Saturday, January 30, 2010

Picture Book

Ah, the power of advertising!

I am often struck by how just one song can open one's mind to an album, a group, a musical genre. Back in college, I was quite biassed against the Who because, at that time, I had been inundated by certain radio staples (e.g. Baba O'Reilly) that kept me investigating their albums further. A senior gave me a cassette of "Who's Next", and I felt obliged to listen. First song, of course, was Baba O'Reilly, but when I got to the second song "Bargain", I discovered a Who that I had not heard before. So impressed, I would soon own most of their albums.

Fast forward to 2004, when Hewlett-Packard used the Kinks Picture Book in one of their commercials. An infectious, sing-songy tune, I was immediately drawn to it. No surprise - I had always liked the Kink's singles and radio staples. Still, it made me realize that, though I owned several Kinks singles collections, I had very few of their albums. Well, you can guess what happened next.

"Picture Book" appears on the Kinks' 1968 album The Kinks Are The Village Green Preservation Society, quite a different album from the psychedelia of the day (e.g. The Beatles White Album, Hendrix's "Electric Ladyland", Jefferson Airplane's "Crown of Creation"), but not wholly independent of the era's sensibilities. Still, much like their British contemporaries The Small Faces (who released "Ogdens' Nut Gone Flake" that year), the Kinks produced an album of tunes influenced in both topic and style by England's past. The album as a whole was a concept piece that hearkens back to days in the English countryside and small towns and is both sentimental and twee.

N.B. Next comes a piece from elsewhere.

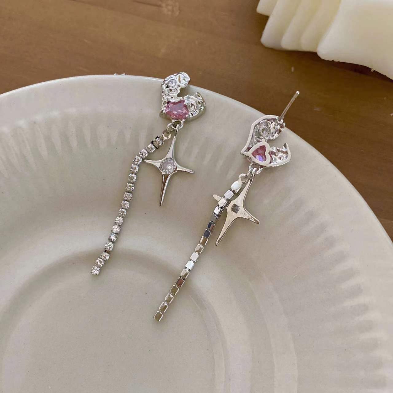 Love cross tetragrammaton tassel zirconia earrings s925 silver pin star earrings personality cold wind earrings earrings

"Picture book, your mama and your papa and fat old Uncle Charlie, out boozing with their friends.
Picture book, a holiday in August, outside a bed and breakfast, in sunny Southend."

Of course, the album at the time (though critics liked in) was not very successful. The Kinks had been declining in popularity from their mid-60's heydey, and were banned for unclear reasons between 1965-1969 from touring in the United States. Certainly this contributed to lesser exposure in the US. During this time they produced a series of amazing albums ("Face to Face", "Something Else"), that, like "The Village Green...", are lyrical, melodic and nostalgic; consequently, they don't often grab you at first listen like, say, a Stones or Beatles album. With repeated listens, one is hooked - hopefully songs like "Picture Book" will serve as a gateway to such wonderful music.